*EXERCISE DESCRIPTION*
Copy each entry below exactly. No images.

*GIVEN INFORMATION*

=== Section Start ===

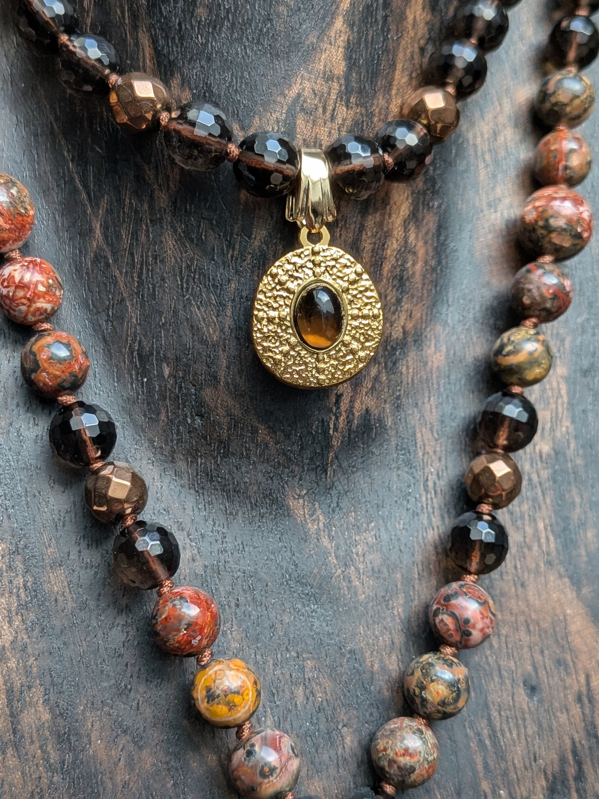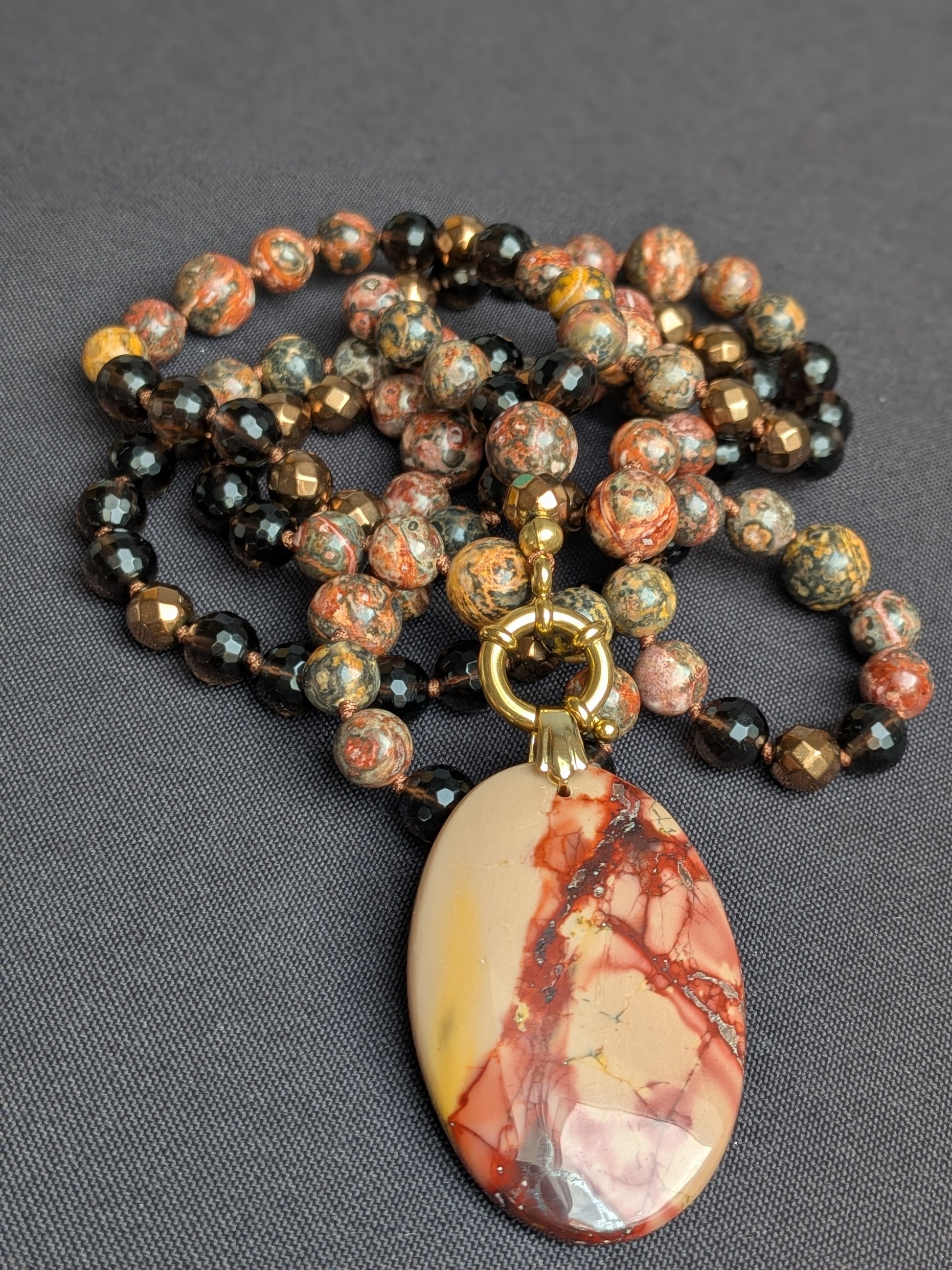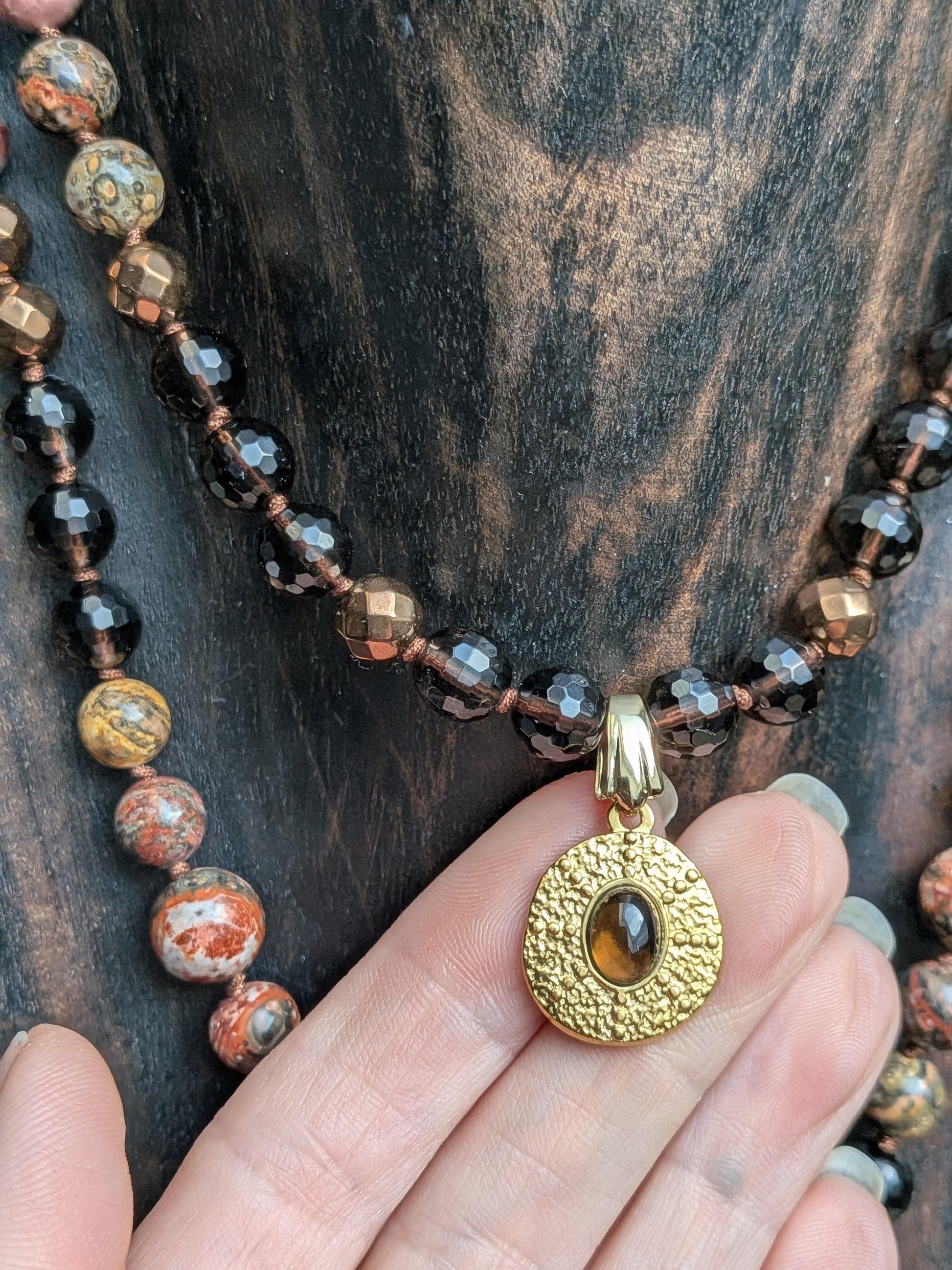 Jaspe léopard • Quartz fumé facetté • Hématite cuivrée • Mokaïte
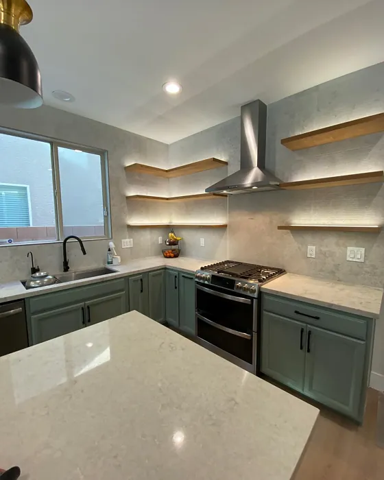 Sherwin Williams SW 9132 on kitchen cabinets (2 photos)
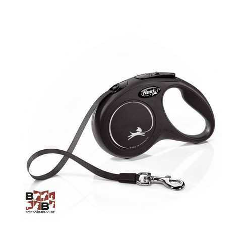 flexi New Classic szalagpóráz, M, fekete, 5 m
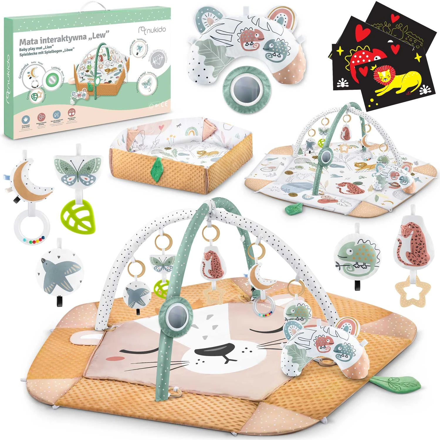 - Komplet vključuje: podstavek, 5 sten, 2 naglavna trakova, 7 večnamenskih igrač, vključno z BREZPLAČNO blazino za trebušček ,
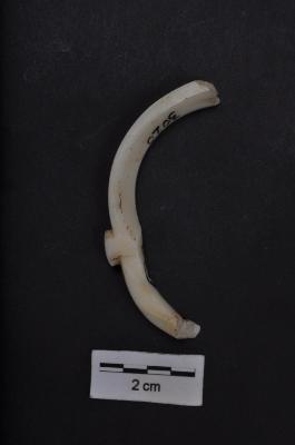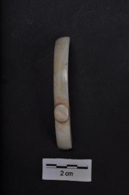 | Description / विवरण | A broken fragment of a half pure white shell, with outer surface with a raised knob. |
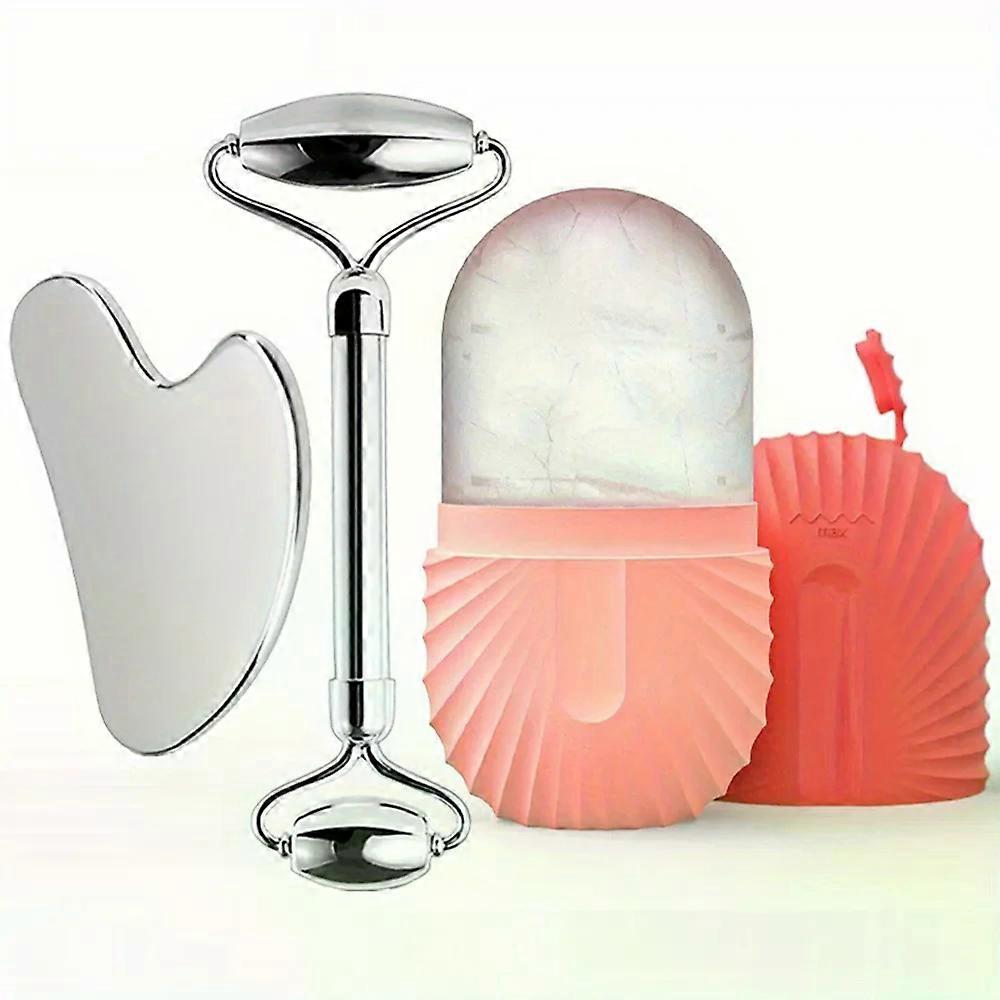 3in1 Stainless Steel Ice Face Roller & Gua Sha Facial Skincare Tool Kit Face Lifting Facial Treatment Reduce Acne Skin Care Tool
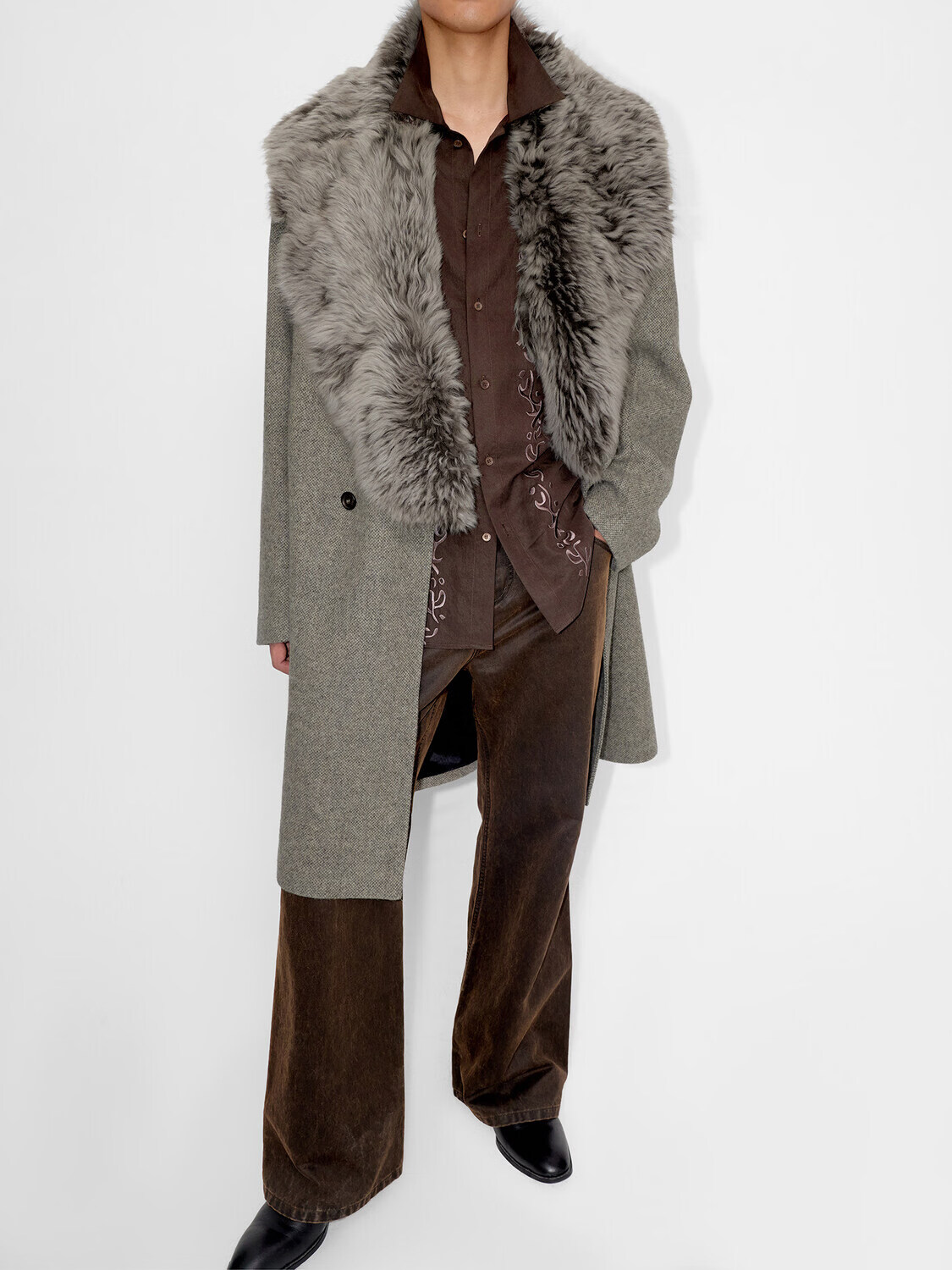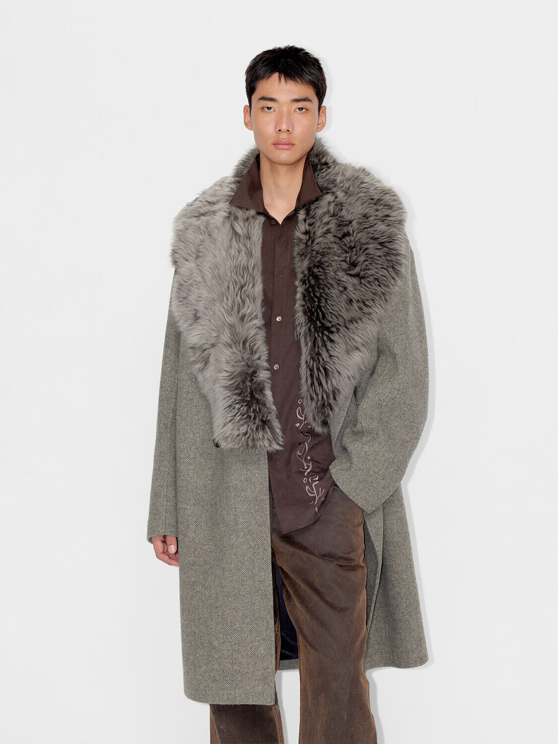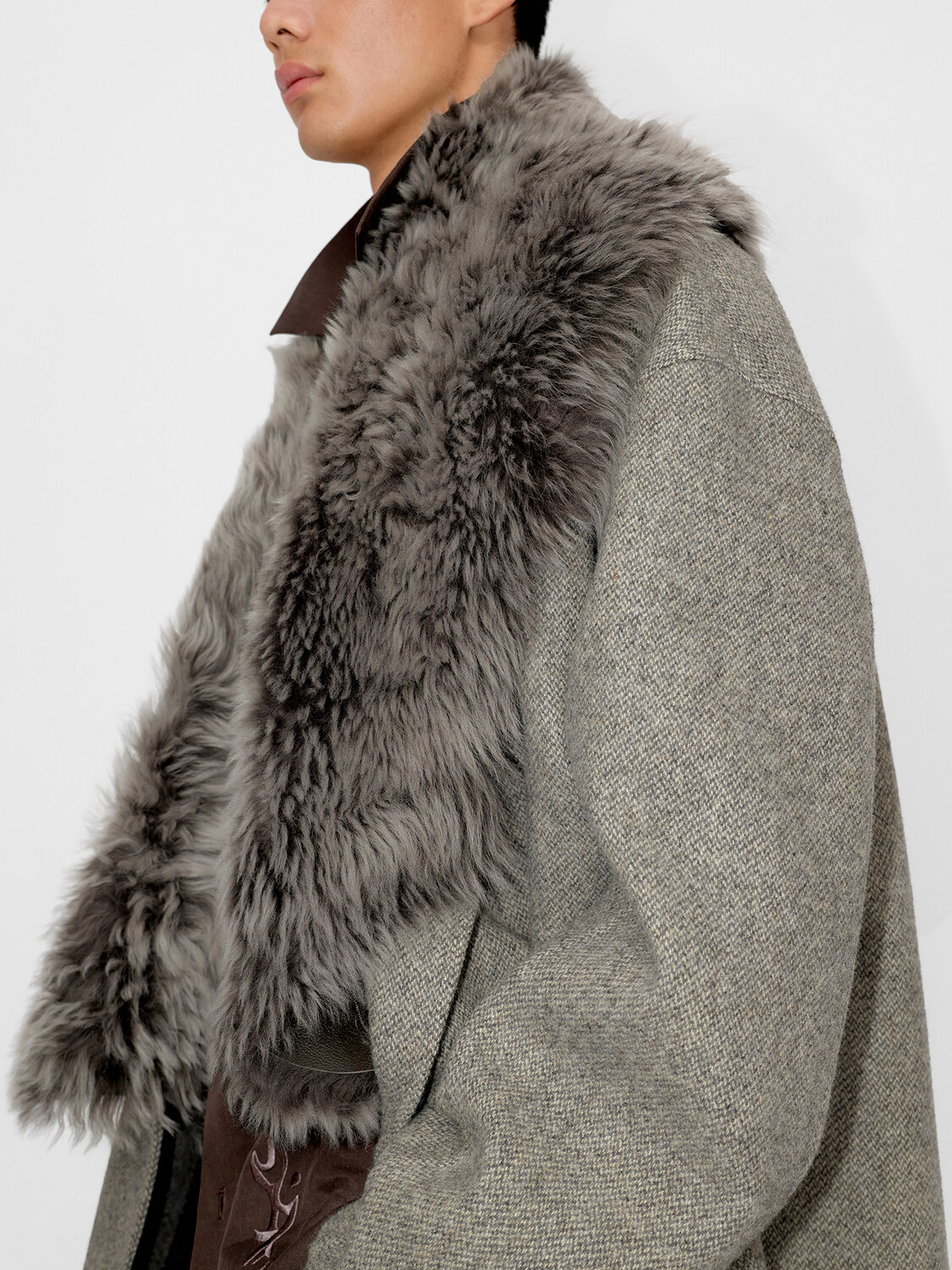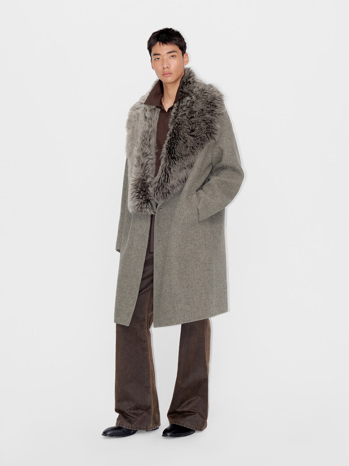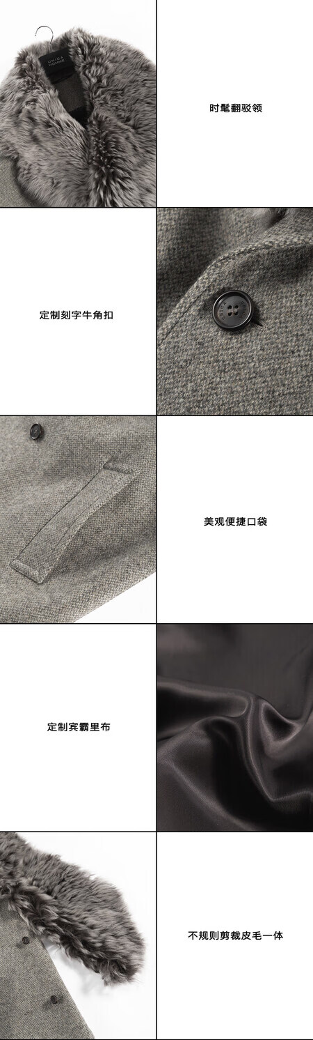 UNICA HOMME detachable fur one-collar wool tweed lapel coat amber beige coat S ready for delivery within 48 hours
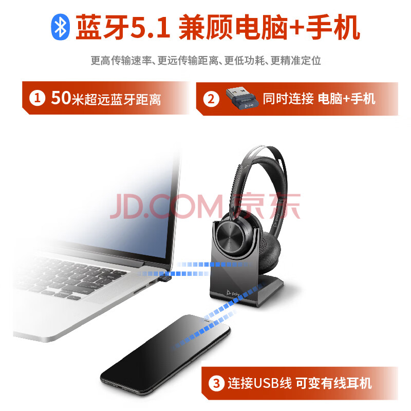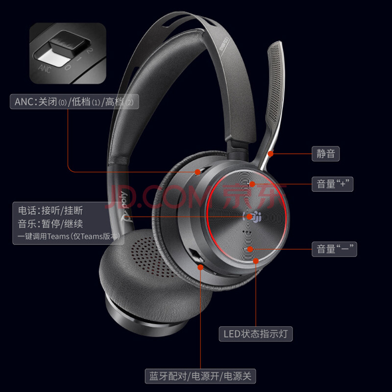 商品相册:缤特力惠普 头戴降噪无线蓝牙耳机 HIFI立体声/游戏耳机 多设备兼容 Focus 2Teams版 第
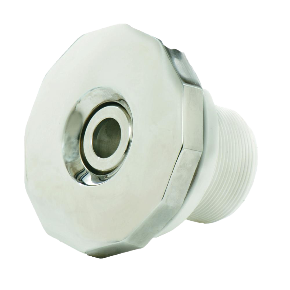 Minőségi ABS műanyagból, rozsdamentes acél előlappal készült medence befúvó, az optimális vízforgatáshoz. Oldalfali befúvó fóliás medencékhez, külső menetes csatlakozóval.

=== Section End ===

*WRITTEN RESPONSE*
 Jaspe léopard • Quartz fumé facetté • Hématite cuivrée • Mokaïte
 Sherwin Williams SW 9132 on kitchen cabinets (2 photos)
 flexi New Classic szalagpóráz, M, fekete, 5 m
 - Komplet vključuje: podstavek, 5 sten, 2 naglavna trakova, 7 večnamenskih igrač, vključno z BREZPLAČNO blazino za trebušček ,
 | Description / विवरण | A broken fragment of a half pure white shell, with outer surface with a raised knob. |
 3in1 Stainless Steel Ice Face Roller & Gua Sha Facial Skincare Tool Kit Face Lifting Facial Treatment Reduce Acne Skin Care Tool
 UNICA HOMME detachable fur one-collar wool tweed lapel coat amber beige coat S ready for delivery within 48 hours
 商品相册:缤特力惠普 头戴降噪无线蓝牙耳机 HIFI立体声/游戏耳机 多设备兼容 Focus 2Teams版 第
 Minőségi ABS műanyagból, rozsdamentes acél előlappal készült medence befúvó, az optimális vízforgatáshoz. Oldalfali befúvó fóliás medencékhez, külső menetes csatlakozóval.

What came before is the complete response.